The defendant is charged in [Count ________ of] the indictment with attempted murder in violation of Section 1113 of Title 18 of the United States Code. For the defendant to be found guilty of that charge, the government must prove each of the following elements beyond a reasonable doubt:
First, the defendant did something that was a substantial step toward killing [name of intended victim];
Second, when the defendant took that substantial step, the defendant intended to kill [name of intended victim]; and
Third, the attempted killing occurred at [specify place of federal jurisdiction].
A “substantial step” is conduct that strongly corroborated the defendant’s intent to commit the crime. To constitute a substantial step, a defendant’s act or actions must unequivocally demonstrate that the crime will take place unless interrupted by independent circumstances. Mere preparation is not a substantial step toward committing the crime.
Jurors do not need to agree unanimously as to which particular act or actions constituted a substantial step toward the commission of a crime.
“To constitute a substantial step, a defendant’s actions must cross the line between preparation and attempt by unequivocally demonstrating that the crime will take place unless interrupted by independent circumstances.” United States v. Goetzke, 494 F.3d 1231, 1237 (9th Cir. 2007) (per curiam) (quoting United States v.
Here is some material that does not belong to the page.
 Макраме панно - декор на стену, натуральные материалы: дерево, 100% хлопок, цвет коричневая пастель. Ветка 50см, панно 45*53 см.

Nelson, 66 F.3d 1036, 1042 (9th Cir. 1995)).
The “strongly corroborated” language in this instruction comes from United States v. Snell, 627 F.2d 186, 187 (9th Cir. 1980) (per curiam) (“A conviction for attempt requires proof of culpable intent and conduct constituting a substantial step toward commission of the crime that strongly corroborates that intent.”) and United States v. Darby, 857 F.2d 623, 625 (9th Cir. 1988) (same).
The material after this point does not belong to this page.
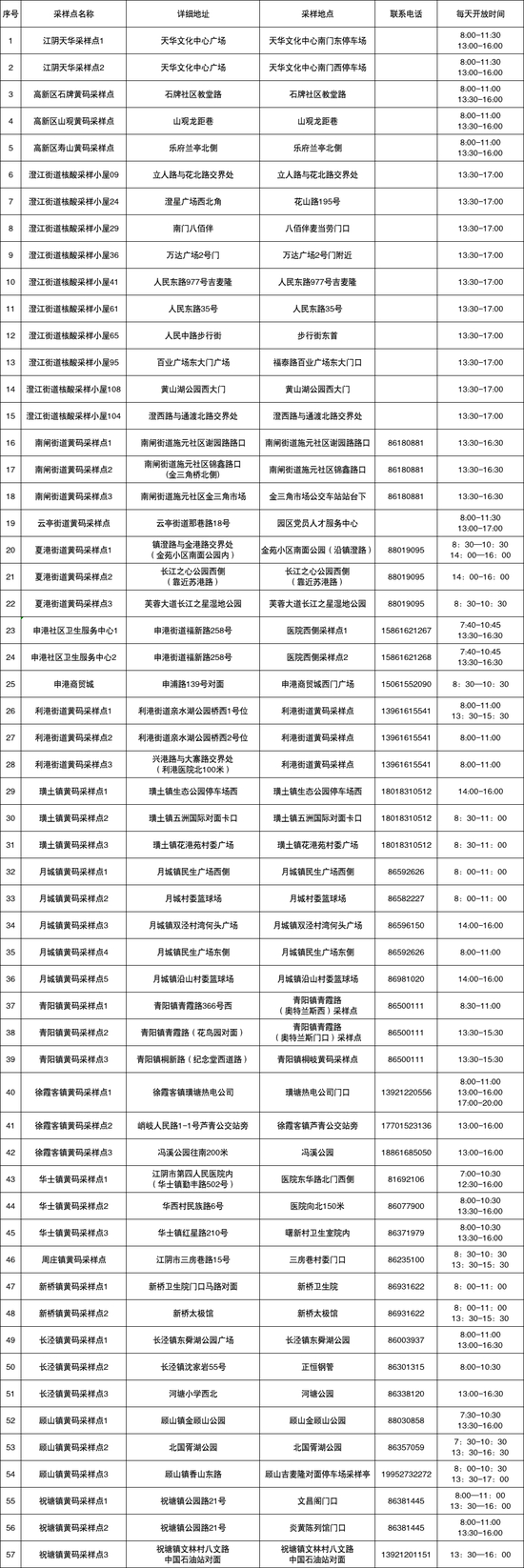 附:江阴市“黄码”人员核酸检测专用采样点(2022年5月9日更新)

Jurors do not need to agree unanimously as to which particular act or actions constituted a substantial step toward the commission of a crime. United States v. Hofus, 598 F.3d 1171, 1176 (9th Cir. 2010).
See Braxton v. United States, 500 U.S. 344, 351 (1991) (“Although a murder may be committed without an intent to kill, an attempt to commit murder requires a specific intent to kill.” (citations omitted)). Although one acting “recklessly with extreme disregard for human life” can be convicted of murder if a killing results (see Instruction 16.1 (Murder—First Degree) and 16.2 (Murder—Second Degree)), that same recklessness cannot support a conviction of attempted murder if, fortuitously, no one is killed. See United States v. Kwong, 14 F.3d 189, 194-95 (2d Cir. 1994) (holding that under 18 U.S.C. § 1113, attempted murder conviction requires proof of specific intent to kill; recklessness and wanton conduct, grossly deviating from a reasonable standard of care such that defendant was aware of the serious risk of death, would not suffice as proof of an intent to kill).
“[A] person may be convicted of an attempt to commit a crime even though that person may have actually completed the crime.” United States v. Rivera-Relle, 333 F.3d 914, 921 (9th Cir. 2003).